I am using fast-rcnn and try to train the system for new class (label) I followed this: https://github.com/EdisonResearch/fast-rcnn/tree/master/help/train
Placed the images
Placed the annotations
Prepare the ImageSet with all the image name prefix
Prepared selective search output: train.mat
I failed while running the train_net.py with the following error:
./tools/train_net.py --gpu 0 --solver models/VGG_1024_pascal2007/solver.prototxt --imdb voc_2007_train_top_5000
Called with args: Namespace(cfg_file=None, gpu_id=0, imdb_name='voc_2007_train_top_5000', max_iters=40000, pretrained_model=None, randomize=False, solver='models/VGG_1024_pascal2007/solver.prototxt') Using config: {'DEDUP_BOXES': 0.0625, 'EPS': 1e-14, 'EXP_DIR': 'default', 'PIXEL_MEANS': array([[[ 102.9801, 115.9465, 122.7717]]]), 'RNG_SEED': 3, 'ROOT_DIR': '/home/hagay/fast-rcnn', 'TEST': {'BBOX_REG': True,
'MAX_SIZE': 1000,
'NMS': 0.3,
'SCALES': [600],
'SVM': False}, 'TRAIN': {'BATCH_SIZE': 128,
'BBOX_REG': True,
'BBOX_THRESH': 0.5,
'BG_THRESH_HI': 0.5,
'BG_THRESH_LO': 0.1,
'FG_FRACTION': 0.25,
'FG_THRESH': 0.5,
'IMS_PER_BATCH': 2,
'MAX_SIZE': 1000,
'SCALES': [600],
'SNAPSHOT_INFIX': '',
'SNAPSHOT_ITERS': 10000,
'USE_FLIPPED': True,
'USE_PREFETCH': False}} Loaded dataset `voc_2007_train` for training Appending horizontally-flipped training examples... voc_2007_train gt roidb loaded from /home/hagay/fast-rcnn/data/cache/voc_2007_train_gt_roidb.pkl /usr/local/lib/python2.7/dist-packages/numpy/core/fromnumeric.py:2507: VisibleDeprecationWarning: `rank` is deprecated; use the `ndim` attribute or function instead.
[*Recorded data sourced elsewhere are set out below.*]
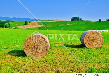 夏の北海道 北の大地と麦稈ロール(北海道イメージ)
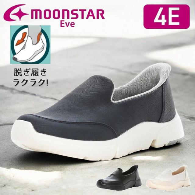 ムーンスター イブ レディース コンフォート シューズ moonstar 幅広 4E ガラス防滑 抗菌防臭 脱ぎ履き楽々 tmeve335
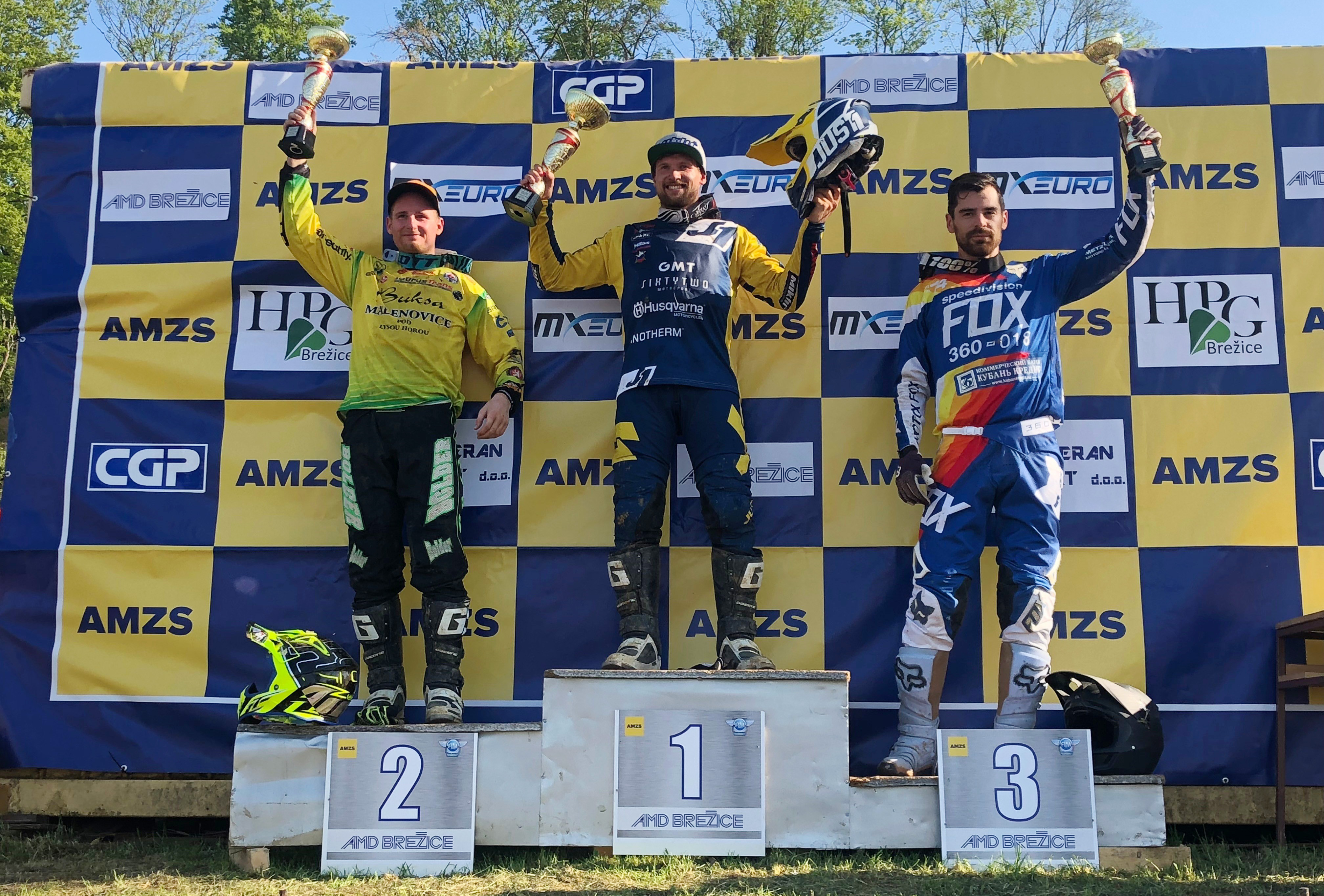 Nedelja je postregla z zelo atraktivnimi vožnjami, v katerih so bili na veselje navijačev in organizatorja v ospredju tudi slovenski tekmovalci. V odprti kategoriji EMX open je dominiral predstavnik domačega društva AMD Brežice Klemen Gerčar, ki je v obeh vožnjah pometel s konkurenco. Drugi je bil češki tekmovalec Martin Michek, s katerim se je Gerčar v drugi vožnji boril vse do cilja. Michek je povedel po startu, Gerčar pa ga je za tem prehitel. Ustvaril je nekaj metrov prednosti, vendar Michek ni popuščal in se je Gerčarju dva kroga pred koncem dirke povsem približal. Sledila je izjemna končnica dirke. Gerčar je uspel zadržati vodstvo in je postal skupni zmagovalec dirke. Zmagovalcu Gerčarju in drugo uvrščenemu Micheku se je na tretji stopnici pridružil ruski motokrosist Evgeny Mikhaylov. Gerčar tako po prvi dirki evropskega prvenstva vodi tudi v skupnem seštevku prvenstva.
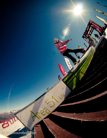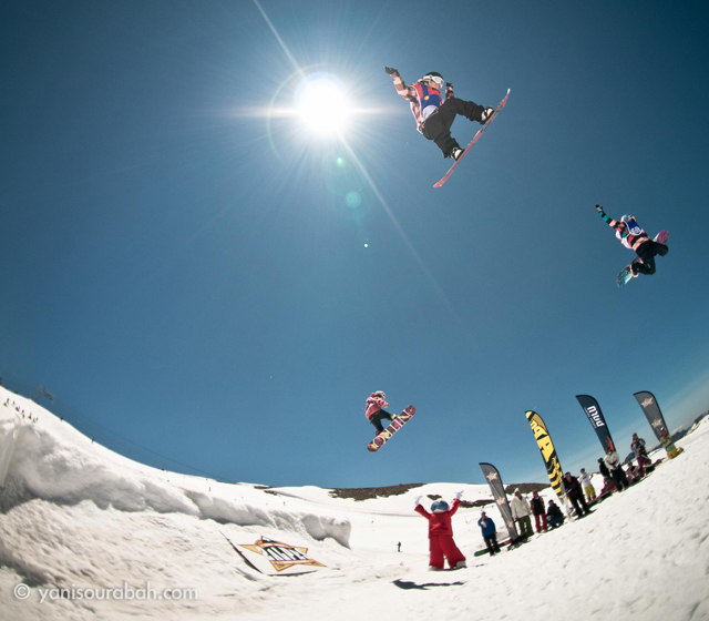 “As with previous years, the Kumi Yama contest took place in Les Deux Alpes at the beginning of July. The format of it is really fun and original; a bunch of skiers and snowboarders, pros and amateurs, mature riders and kids from everywhere take part in this international event. There’s only one rule: you must be in a team of three and stay grouped as much as you can when you ride on the Japanese / video game themed snowpark.
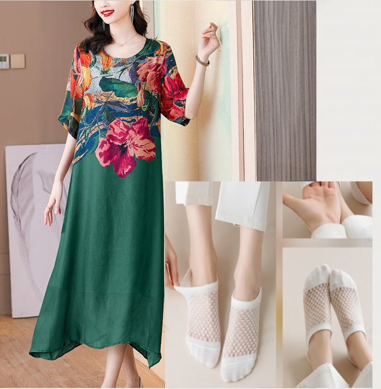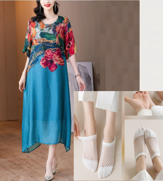 This stunning dress is designed to flatter and enhance your curves while providing the utmost comfort and elegance. Its flowing silhouette and intricate patchwork details make it a perfect choice for any occasion, from casual outings to special events. The combination of floral prints and solid colors adds a touch of sophistication to your look, ensuring you stand out from the crowd.
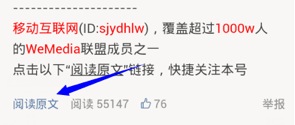 “移動互聯網”賬號通常也會在頁面底部提示大家點擊閱讀原文進行關注,其實也是利用這樣的方式;只是跳轉了一個頁面,比如點擊閱讀原文后跳轉到這么一個提示頁面:
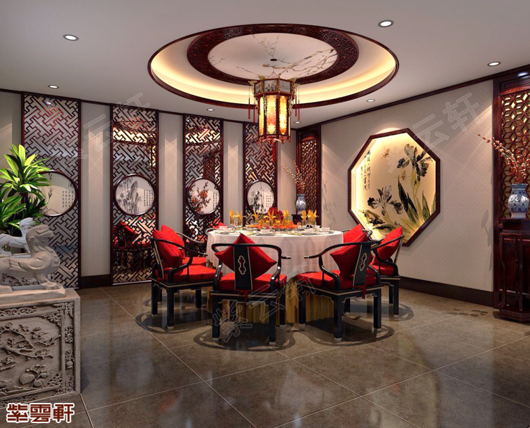 餐厅,墙面用花格护墙板做了中式风的装饰造型,中间圆形的艺术画突出中式的文雅韵味,天花板上也设计了水墨画,显得古风古意。中式设计选用深色木饰面搭配山水字画,体现出浓浓的中式气息,其中中式装饰元素起到不可忽略的作用。
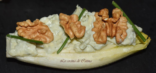 Untamos las endibias con la crema de Cabrales preparada, repartimos por encima las nueces y la crema restante, espolvoreamos con pimienta recién molida. Decoramos con el cebollino y listo para servir.

To find the rank of a matrix see `numpy.linalg.matrix_rank`. VisibleDeprecationWarning) wrote ss roidb to /home/hagay/fast-rcnn/data/cache/voc_2007_train_selective_search_IJCV_top_5000_roidb.pkl Traceback (most recent call last): File "./tools/train_net.py", line 80, in <module>
roidb = get_training_roidb(imdb) File "/home/hagay/fast-rcnn/tools/../lib/fast_rcnn/train.py", line 107, in get_training_roidb
imdb.append_flipped_images() File "/home/hagay/fast-rcnn/tools/../lib/datasets/imdb.py", line 104, in append_flipped_images
assert (boxes[:, 2] >= boxes[:, 0]).all() AssertionError
My Questions is:
- Why am I having this error?
- Do I need to rescale the images to fix: 256x256 before training?
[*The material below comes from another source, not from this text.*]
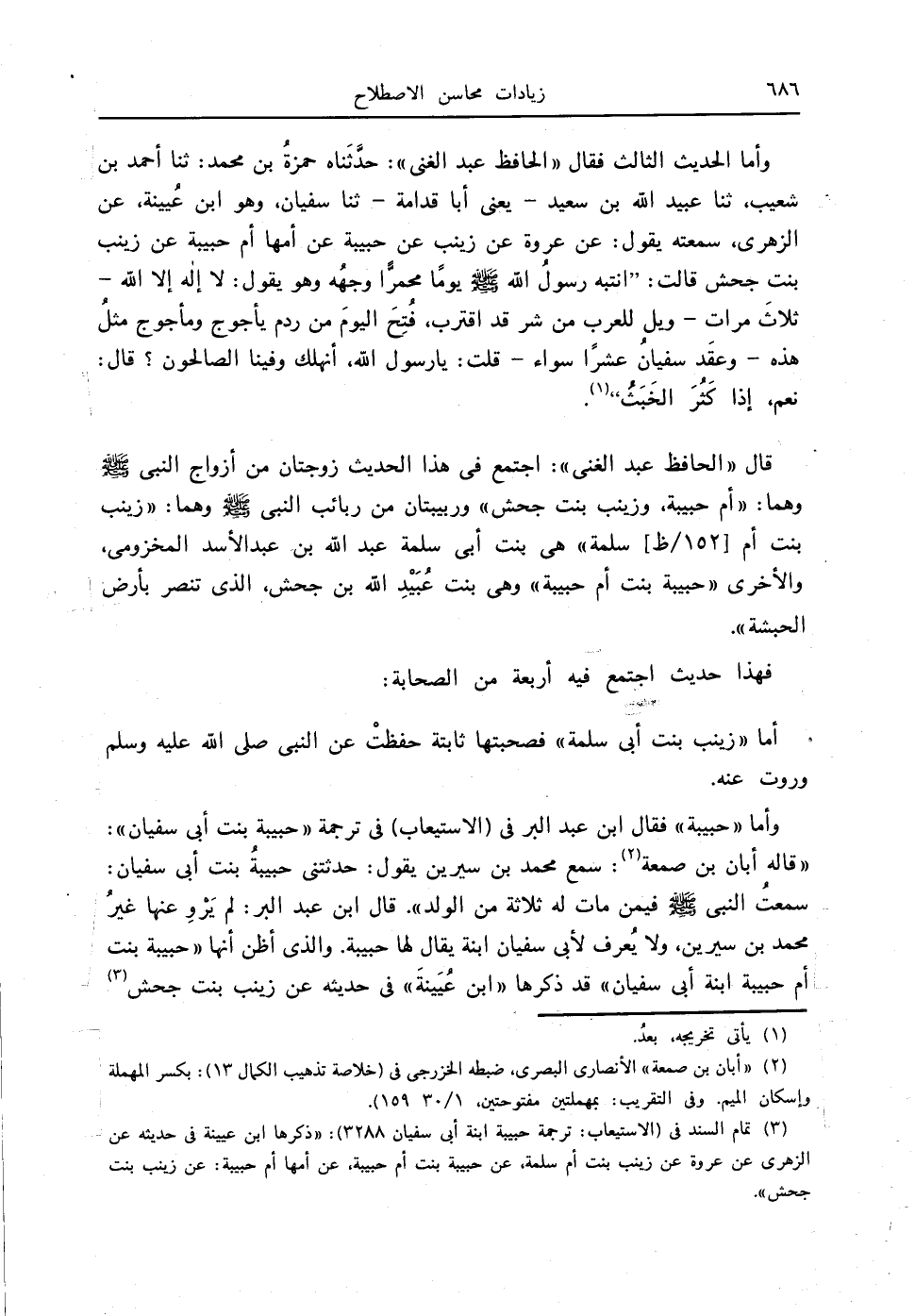 (3) تمام السند في (الاستيعاب: ترجمة حبيبة ابنة أبي سفيان 3288): " ذكرها ابن عيينة في حديثه عن الزهري عن عروة عن زينب بنت أم سلمة، عن حبيبة بنت أم حبيبة، عن أمها أم حبيبة: عن زينب بنت جحش ".
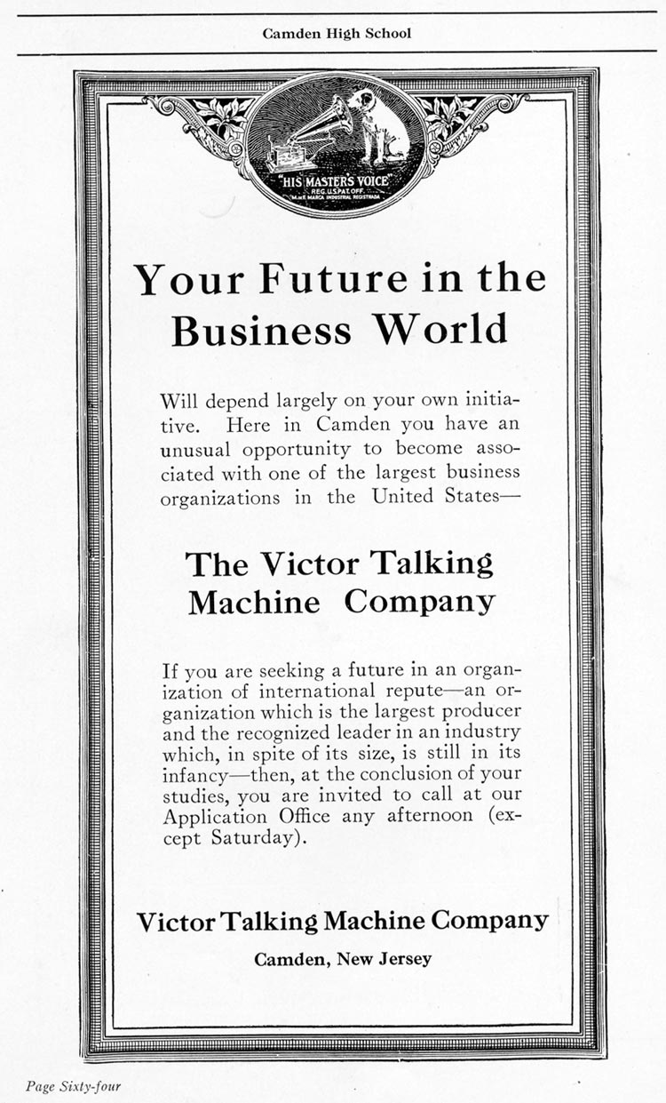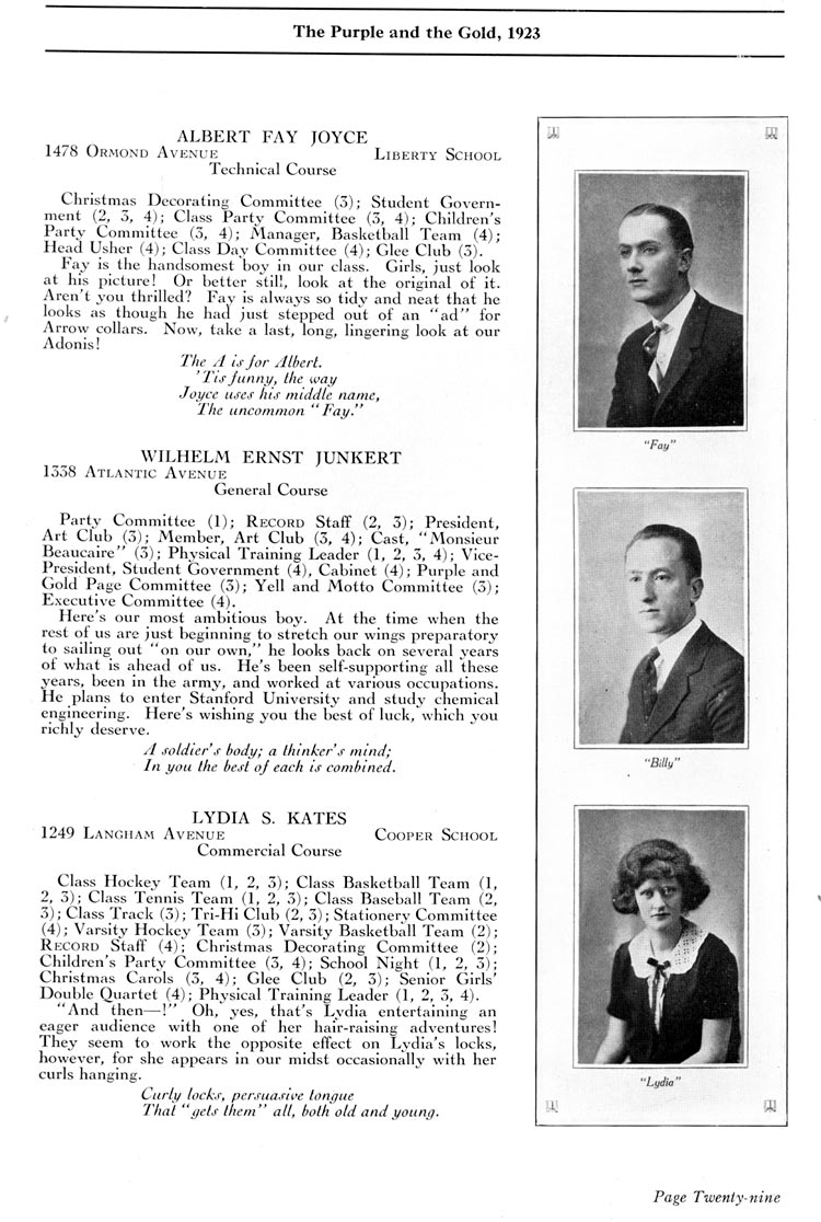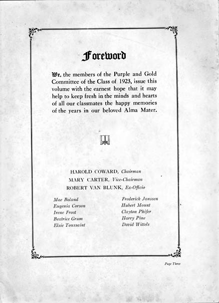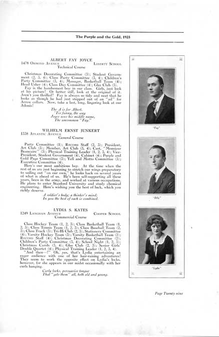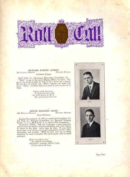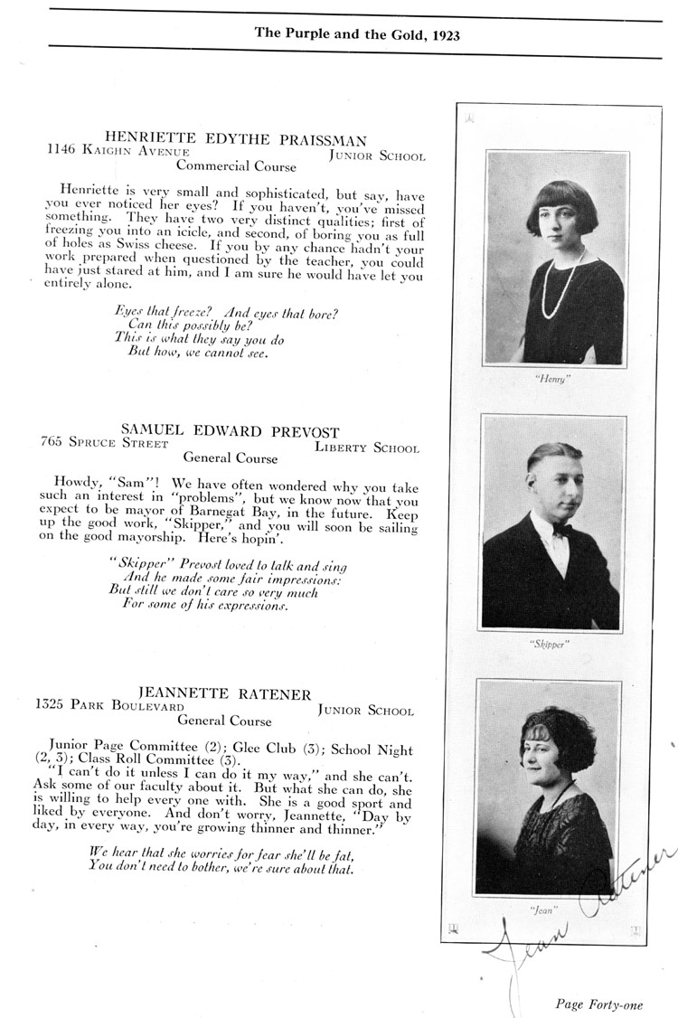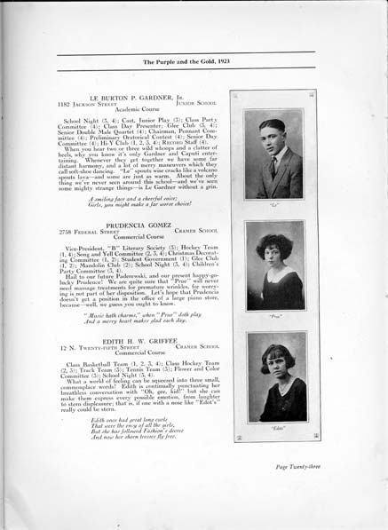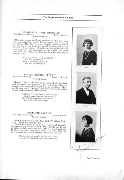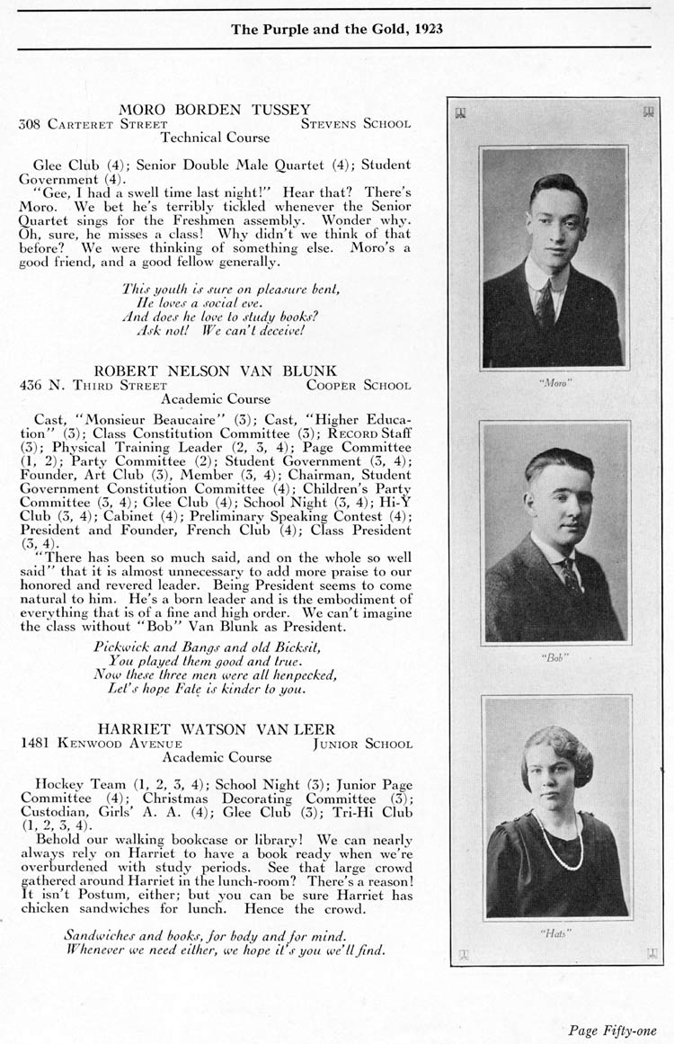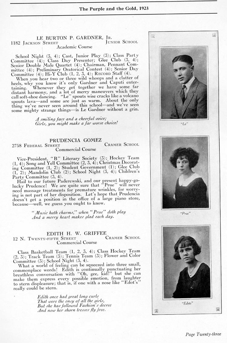 On March 3, 2009 I received from Helene Tull a copy of Camden High School's 1923 yearbook, The Purple and the Gold, which had belonged to her aunt, Anna G. Laibow, as well as graduation photos of the class from that year and from 1920 when they had graduated from the old Junior High School Number 1, located at Haddon and Newton Avenues, which was later renamed Clara S. Burrough Junior High School. The book is presented here in its entirety, with hyperlinks to pages within and outside of this website. If you have any comments or questions, please comment at the bottom of the page. Phil

- Do I need to prepare something in order to set the
__background__
class?
- it says that there exists
boxes[:,2] < boxes[:, 0]
,boxes[:, 2]
is the x-max of bounding box whileboxes[:, 0]
is x-min. So the problem is related to region proposal. I came across with this problem too. I found that it was causes by overflow. I remember that the dtype for boxes is np.uint8(need to check), if the image is too big, you get this error. - rescale is one solution, however this may influence the performance. You can change the dtype from uint8 to float instead.
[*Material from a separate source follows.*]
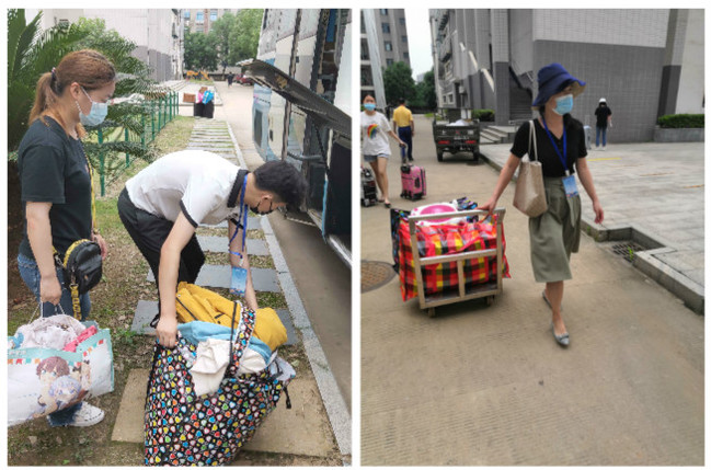 外语外贸学院专职辅导员为毕业生搬运行李物品

- As far as I know, there is no need for that.
I'm late to the party, but when I was editing the code this was my yakkity-hack of a solution
for b in range(len(boxes)):
if boxes[b][2] < boxes[b][0]:
boxes[b][0] = 0
assert (boxes[:, 2] >= boxes[:, 0]).all()
There are smarter ways to do this, as every single grad student seems to point out, but this works fine.
Check out the solution described in the following blog post, Part 4, Issue #4. The solution is to flip the x1 and x2 coordinate values.
https://huangying-zhan.github.io/2016/09/22/detection-faster-rcnn.html
Following is copied from link:
box [:, 0] > box[:, 2]
Solution: add the following code block in imdb.py
def append_flipped_images(self):
num_images = self.num_images
widths = self._get_widths()
for i in xrange(num_images):
boxes = self.roidb[i]['boxes'].copy()
oldx1 = boxes[:, 0].copy()
oldx2 = boxes[:, 2].copy()
boxes[:, 0] = widths[i] - oldx2
boxes[:, 2] = widths[i] - oldx1
for b in range(len(boxes)):
if boxes[b][2] < boxes[b][0]:
boxes[b][0]=0
assert (boxes[:, 2] >= boxes[:, 0]).all()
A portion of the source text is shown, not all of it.